• Requirement
When a picture appears in the listing, leave it out and copy the rest exactly as it stands.
"""
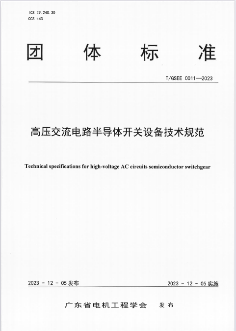 近日,学会批准发布《高压交流电路半导体开关设备技术规范》团体标准(以下简称“团标”),该团标由广东省标准化研究院(以下简称“省标院”)牵头编制。
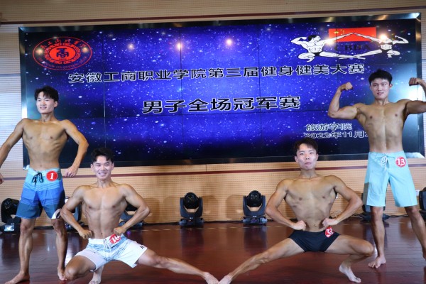 活力四射的健身舞蹈-阿里阿里点燃了现场观众的热情,拉开了本次比赛的帷幕。首先进行男子健体A组、B组的预赛,运动员依次上场,进行4个转向的展示,其中肌肉呈条状形态,肌肉量适度、紧致有型、饱满、轮廓清晰美观且自然、呈现运动的男性体格,肩腰比接近2比1为佳。接着进行的健身瑜伽表演,表演者充分展现出了瑜伽的力与刚、柔与美。紧接着进行的是女子形体的决赛,运动员依次进行4个转向的展示,女子形体重点评判良好的身体比例,要求肌肉适度发达、轮廓清晰,肌肉紧致、形态美观的女性体格。接着是同学们的尊巴舞-Trap表演,之后是男子古典健美的决赛,运动员依次7个规定动作的展示,重点展示充满美观的身体形态和肌肉体格,其中肌肉匀称,结构合理、肌肉质量和细节完美的运动员最佳。紧接着是男子传统健美决赛,运动员依次进行了7个规定动作,男子传统健美的评判重点是肌肉发达程度和肌肉量作为首要依据,在肌肉发达和肌肉质量接近的情况下,大骨骼小关节运动员最佳。其后进行的是男女混双表演,造型动作规范,流畅,配合默契,观赏性极高。最后进行的是全场冠军赛,每个组别的前2名选手参加,进行了7个规定动作和1分钟不定位造型的展示。
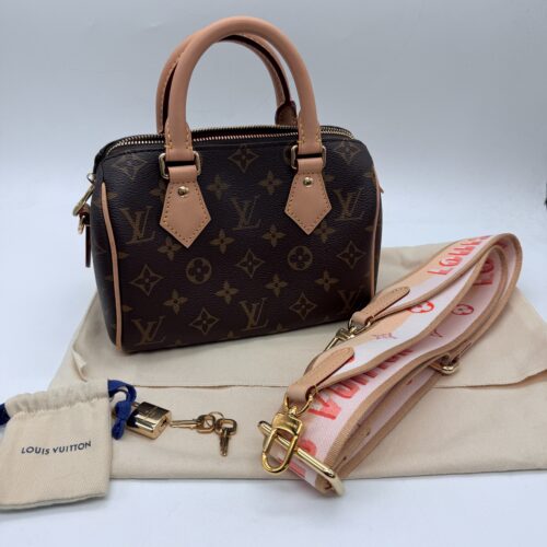 今回お持ち込みいただいたお品物は、モノグラムデザインが特徴的なスピーディ20で、ショルダーストラップ付きの新しいモデルです。コンパクトで使いやすいサイズ感から、現在中古市場でも非常に人気の高いバッグとなっています。
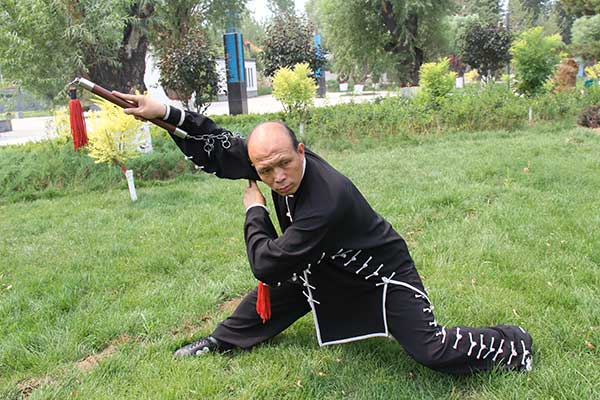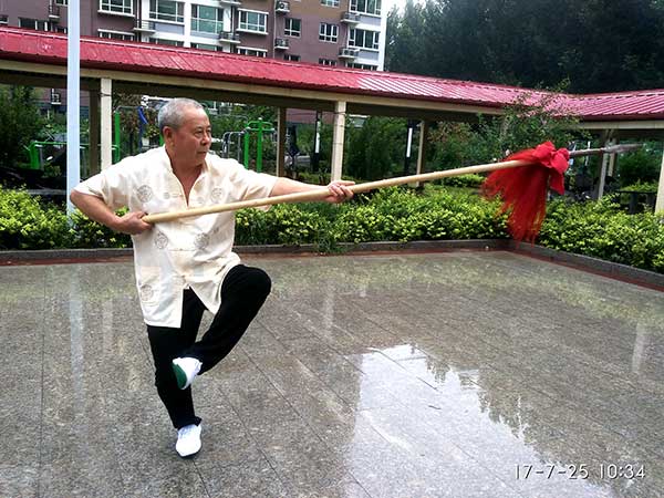 安新县赵北口镇东街村章小明武师的枪术表演。
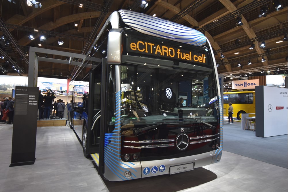 Co pokazał Daimler Buses w Brukseli? Dwa elektryczne Citaro, z których jeden wyposażony został w wodorowy extender, pozwalający na przemieszczanie się na dystans 400 kilometrów w ruchu miejskim i „zwykłego” dwudrzwiowego Citaro z czystym napędem elektrycznym, z zabudowanymi nowymi bateriami NMC3. Zarówno nowszych i starszych elektrycznych Citaro od momenty rozpoczęcia produkcji sprzedano już 500.
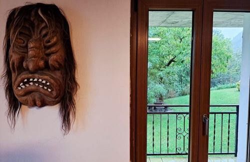 this cozy mountain accommodation combines the charm of tradition with modern comfort Original elements such as the large stone fireplace, wood-burning stove, and ceramic floors tell stories of the past and create a warm and homely atmosphere. The bright living room, with its comfortable double sofa bed and large wooden table, is perfect for relaxing and sharing special moments (Please note: the sofa bed is not prepared, we think it is proper to use the sofa during non-sleeping hours. You will find sheets, pillows and blankets in the closet/shelf most adjacent to the sofa). The French door opens onto a spacious covered balcony overlooking the garden and forest, offering enchanting views throughout the day. The separate and fully equipped kitchen provides everything you need to cook like at home. It also has access to the outdoor space, ideal for enjoying the sun and fresh mountain air. The sleeping area includes one double bedroom and one single, both with wooden floors and windows framing the alpine landscape. The bathroom, compact yet functional, is equipped with a practical shower.
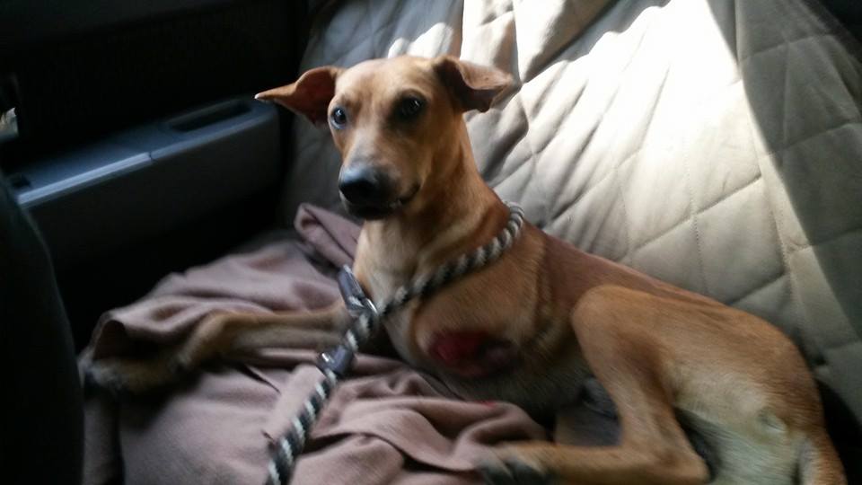 This is Friendly Fred the second dog we are raising money to bring to Canada. Unfortunately someone machete his leg. Even though he has been through so much he has never given up on humans. He has such a gentle spirit. If you are able to help our fundraiser it would be greatly appreciated.
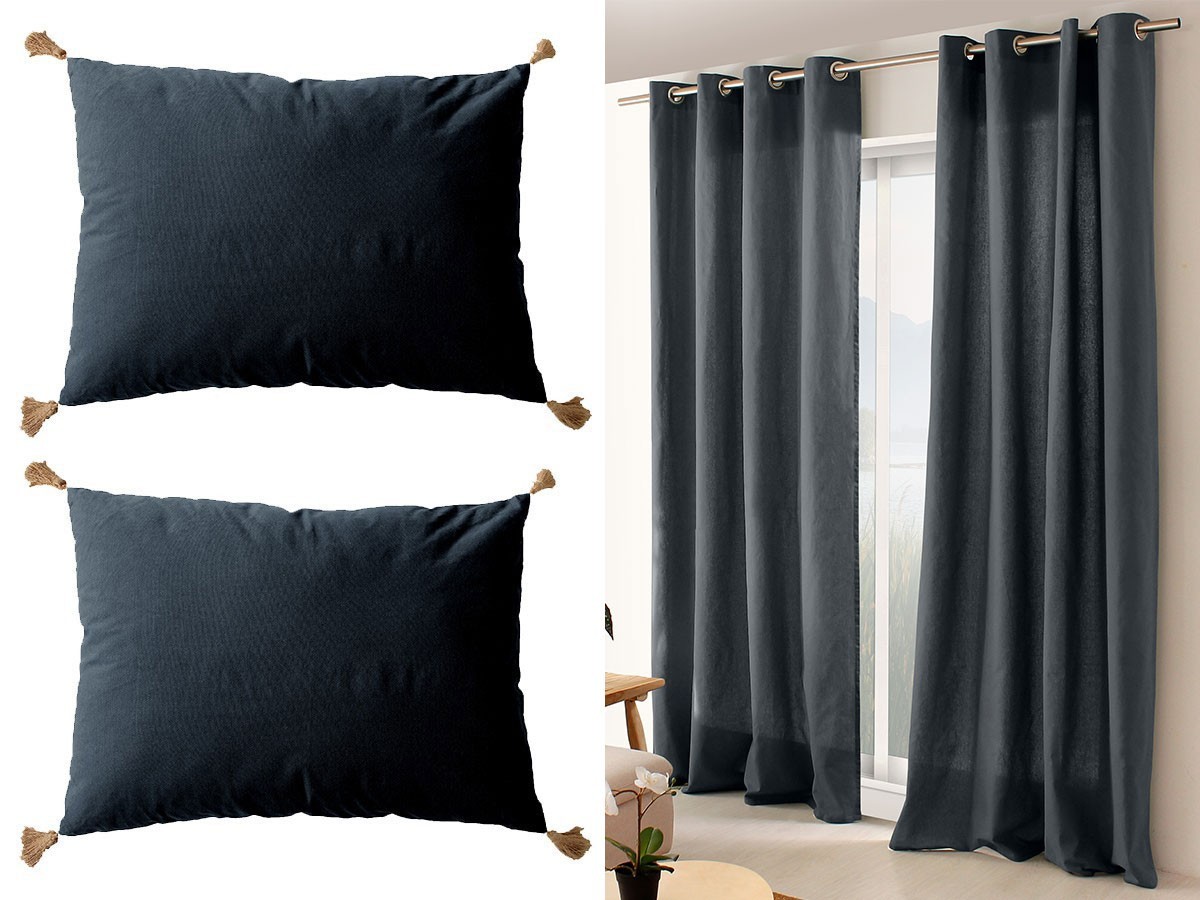 - Lot de 2 rideaux + 2 coussins (coloris : Gris Foncé, Naturel, Argile ou Vieux Rose)
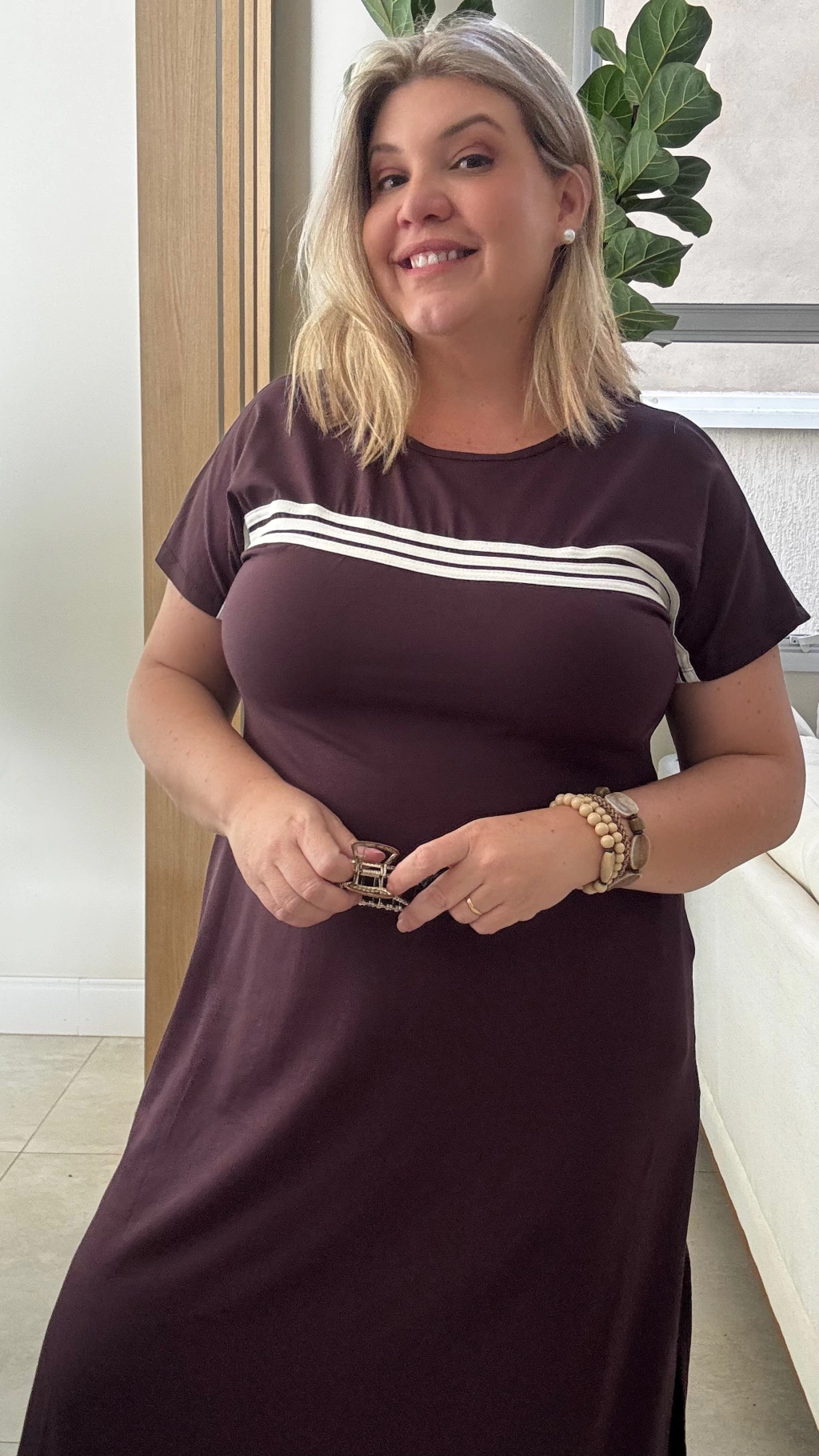 O Vestido Ady é perfeito para quem busca conforto com estilo. Feito em malha macia, ele tem um toque suave e ótimo caimento, que proporciona liberdade de movimento sem perder a elegância. O detalhe das listras horizontais traz um charme extra ao modelo, que conta com fendas laterais discretas para um toque moderno.
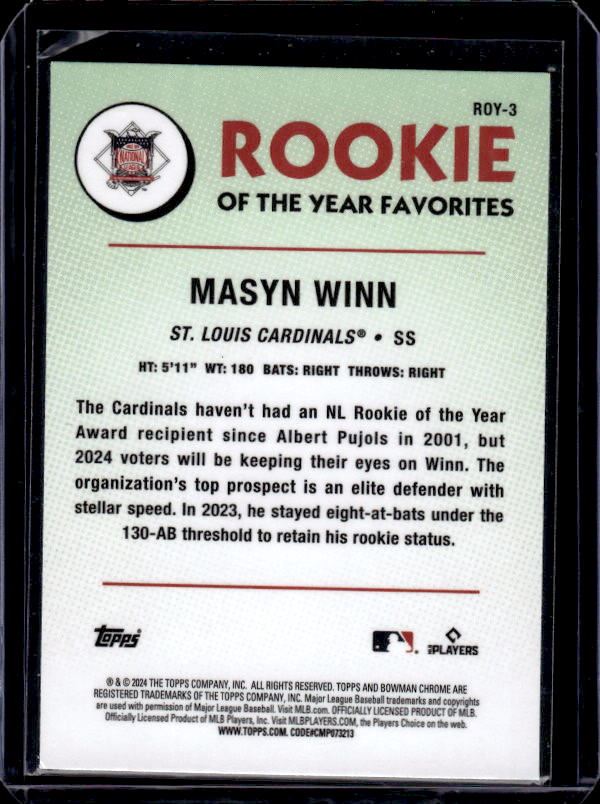 Masyn Winn RC Bowman Chrome ROY Favorites #ROY-3
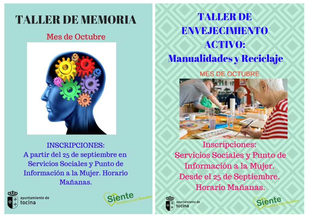 Las inscripciones para estos dos talleres se podrán realizar desde el 25 de octubre hasta completar grupo. Los talleres se desarrollarán simultáneamente en Tocina y Los Rosales. Todas las personas interesadas pueden inscribirse en los Servicios Sociales Comunitarios, de lunes a viernes en horario de 10 a 14 h. y en el Punto de Información a la Mujer, de lunes a viernes en horario de 10 a 14 h. Estas actividades van dirigidas a toda la población interesada en conservar y mejorar su memoria y en especial a personas a partir de 40 años.
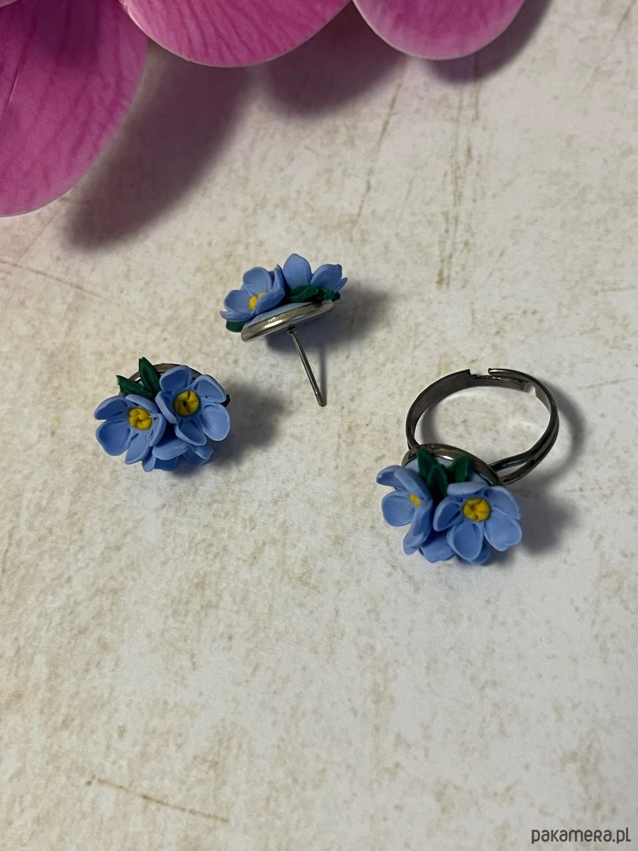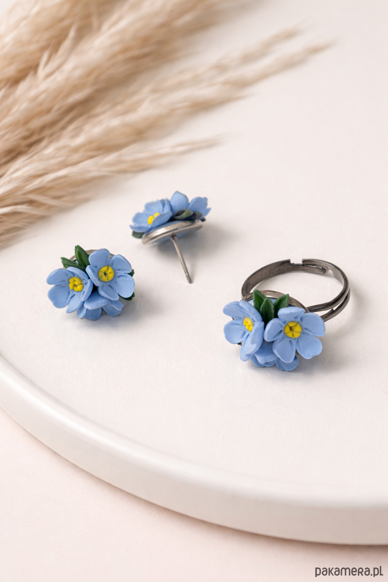 Komplet biżuterii z niezapominajkami – kolczyki i pierścionek
"""
• Solution to the exercise
 近日,学会批准发布《高压交流电路半导体开关设备技术规范》团体标准(以下简称“团标”),该团标由广东省标准化研究院(以下简称“省标院”)牵头编制。
 活力四射的健身舞蹈-阿里阿里点燃了现场观众的热情,拉开了本次比赛的帷幕。首先进行男子健体A组、B组的预赛,运动员依次上场,进行4个转向的展示,其中肌肉呈条状形态,肌肉量适度、紧致有型、饱满、轮廓清晰美观且自然、呈现运动的男性体格,肩腰比接近2比1为佳。接着进行的健身瑜伽表演,表演者充分展现出了瑜伽的力与刚、柔与美。紧接着进行的是女子形体的决赛,运动员依次进行4个转向的展示,女子形体重点评判良好的身体比例,要求肌肉适度发达、轮廓清晰,肌肉紧致、形态美观的女性体格。接着是同学们的尊巴舞-Trap表演,之后是男子古典健美的决赛,运动员依次7个规定动作的展示,重点展示充满美观的身体形态和肌肉体格,其中肌肉匀称,结构合理、肌肉质量和细节完美的运动员最佳。紧接着是男子传统健美决赛,运动员依次进行了7个规定动作,男子传统健美的评判重点是肌肉发达程度和肌肉量作为首要依据,在肌肉发达和肌肉质量接近的情况下,大骨骼小关节运动员最佳。其后进行的是男女混双表演,造型动作规范,流畅,配合默契,观赏性极高。最后进行的是全场冠军赛,每个组别的前2名选手参加,进行了7个规定动作和1分钟不定位造型的展示。
 今回お持ち込みいただいたお品物は、モノグラムデザインが特徴的なスピーディ20で、ショルダーストラップ付きの新しいモデルです。コンパクトで使いやすいサイズ感から、現在中古市場でも非常に人気の高いバッグとなっています。
 安新县赵北口镇东街村章小明武师的枪术表演。
 Co pokazał Daimler Buses w Brukseli? Dwa elektryczne Citaro, z których jeden wyposażony został w wodorowy extender, pozwalający na przemieszczanie się na dystans 400 kilometrów w ruchu miejskim i „zwykłego” dwudrzwiowego Citaro z czystym napędem elektrycznym, z zabudowanymi nowymi bateriami NMC3. Zarówno nowszych i starszych elektrycznych Citaro od momenty rozpoczęcia produkcji sprzedano już 500.
 this cozy mountain accommodation combines the charm of tradition with modern comfort Original elements such as the large stone fireplace, wood-burning stove, and ceramic floors tell stories of the past and create a warm and homely atmosphere. The bright living room, with its comfortable double sofa bed and large wooden table, is perfect for relaxing and sharing special moments (Please note: the sofa bed is not prepared, we think it is proper to use the sofa during non-sleeping hours. You will find sheets, pillows and blankets in the closet/shelf most adjacent to the sofa). The French door opens onto a spacious covered balcony overlooking the garden and forest, offering enchanting views throughout the day. The separate and fully equipped kitchen provides everything you need to cook like at home. It also has access to the outdoor space, ideal for enjoying the sun and fresh mountain air. The sleeping area includes one double bedroom and one single, both with wooden floors and windows framing the alpine landscape. The bathroom, compact yet functional, is equipped with a practical shower.
 This is Friendly Fred the second dog we are raising money to bring to Canada. Unfortunately someone machete his leg. Even though he has been through so much he has never given up on humans. He has such a gentle spirit. If you are able to help our fundraiser it would be greatly appreciated.
 - Lot de 2 rideaux + 2 coussins (coloris : Gris Foncé, Naturel, Argile ou Vieux Rose)
 O Vestido Ady é perfeito para quem busca conforto com estilo. Feito em malha macia, ele tem um toque suave e ótimo caimento, que proporciona liberdade de movimento sem perder a elegância. O detalhe das listras horizontais traz um charme extra ao modelo, que conta com fendas laterais discretas para um toque moderno.
 Masyn Winn RC Bowman Chrome ROY Favorites #ROY-3
 Las inscripciones para estos dos talleres se podrán realizar desde el 25 de octubre hasta completar grupo. Los talleres se desarrollarán simultáneamente en Tocina y Los Rosales. Todas las personas interesadas pueden inscribirse en los Servicios Sociales Comunitarios, de lunes a viernes en horario de 10 a 14 h. y en el Punto de Información a la Mujer, de lunes a viernes en horario de 10 a 14 h. Estas actividades van dirigidas a toda la población interesada en conservar y mejorar su memoria y en especial a personas a partir de 40 años.
 Komplet biżuterii z niezapominajkami – kolczyki i pierścionek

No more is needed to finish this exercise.